Between 2012 and 2013, there was a 35 per cent increase in the number of rapes reported to the National Records Crime Bureau, which recorded 33,707 rapes in 2013. The increase was perhaps a result of greater awareness, as well as a reaction to Delhi’s stance that the state condemns rape and will respond with zero tolerance to sexual assault cases.

Yet Modi’s government has done precious little during its time in power to take that legacy forward. At the time of electioneering in 2014, campaigners promised to set up rape-crisis centres across the country to provide support and rehabilitation to rape victims. In July 2014, Maneka Gandhi, former Indian prime minister Indira Gandhi’s estranged daughter-in-law, who is currently India’s minister of women and child development, promised trauma centres for each of India’s 640 districts, and an additional 20 in the six largest cities. Instead, the BJP government recently announced support for 36 centres.
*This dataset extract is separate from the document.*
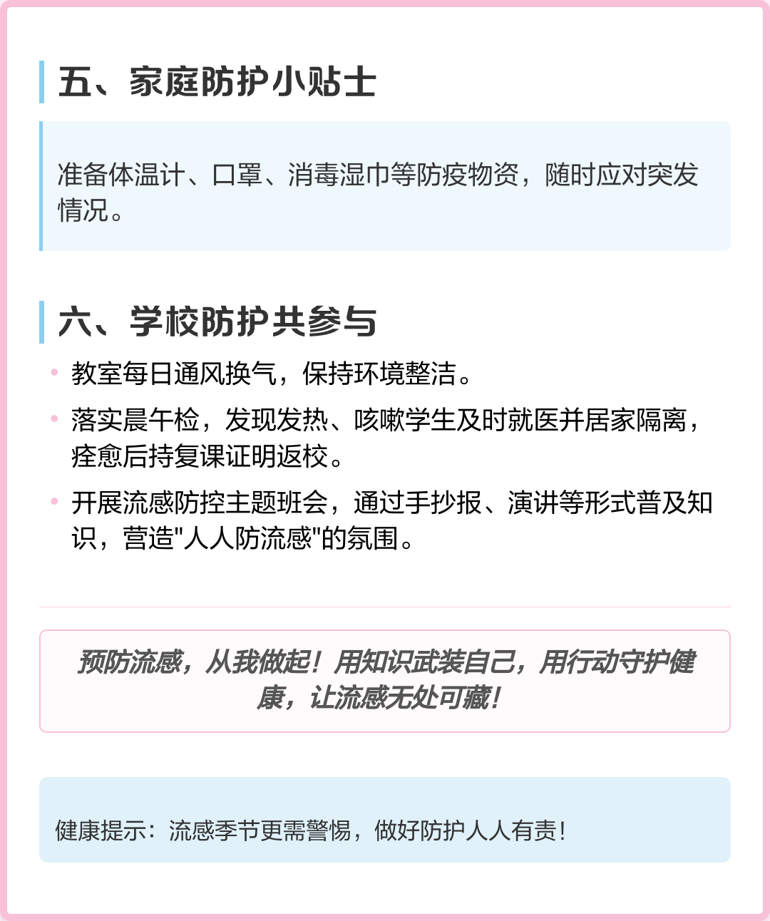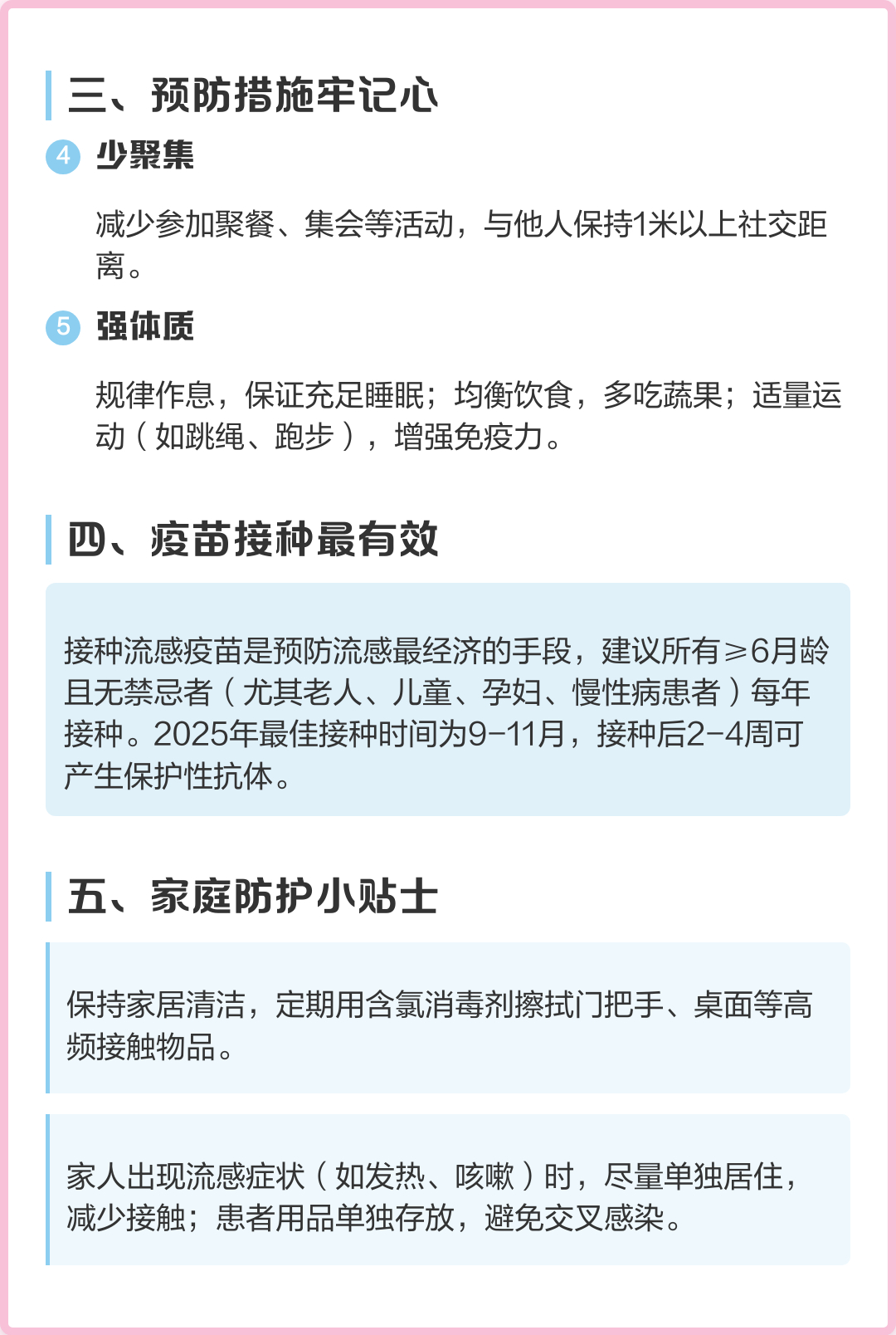 阿福提醒五大流感防护误区 流感是流感病毒引起的急性呼吸道传染病,常见症状为突发高热(39-40℃)、头痛、肌肉酸痛、乏力,部分伴有咳嗽、咽痛。与普通感冒相比,流感全身症状更重,传播速度更快。下图为流感预防与防护全指南,感兴趣的可以了解一下。

That doesn’t surprise Vajpeyi. “[The Sangh Pariwar] is interested in the honour and purity of Hindu women—not minority women—[and] upper-caste women—not Dalit women—[and] not women as independent individuals with their own identity. It wants women to be educated, yes, but then to dress in certain ways, not drink, not exercise sexual choice.”

The banned BBC documentary did not provide any new context to Indian viewers who have lived with Jyoti Singh’s story for a long time. But it has annoyed long-time feminists like Chandra, who feel it has undermined the long and rich legacy of the feminist movement in India. The ban, meanwhile, has resulted in a separate discussion in India over freedom of speech and expression under Modi’s leadership.

The real conversation—about gender imbalance, the treatment of rape victims and the slow progress made in addressing women’s rights—has been sidelined. “Everyone’s been obsessing about the film,” says Sharma, “and forgetting that what we should actually be talking about is rape.”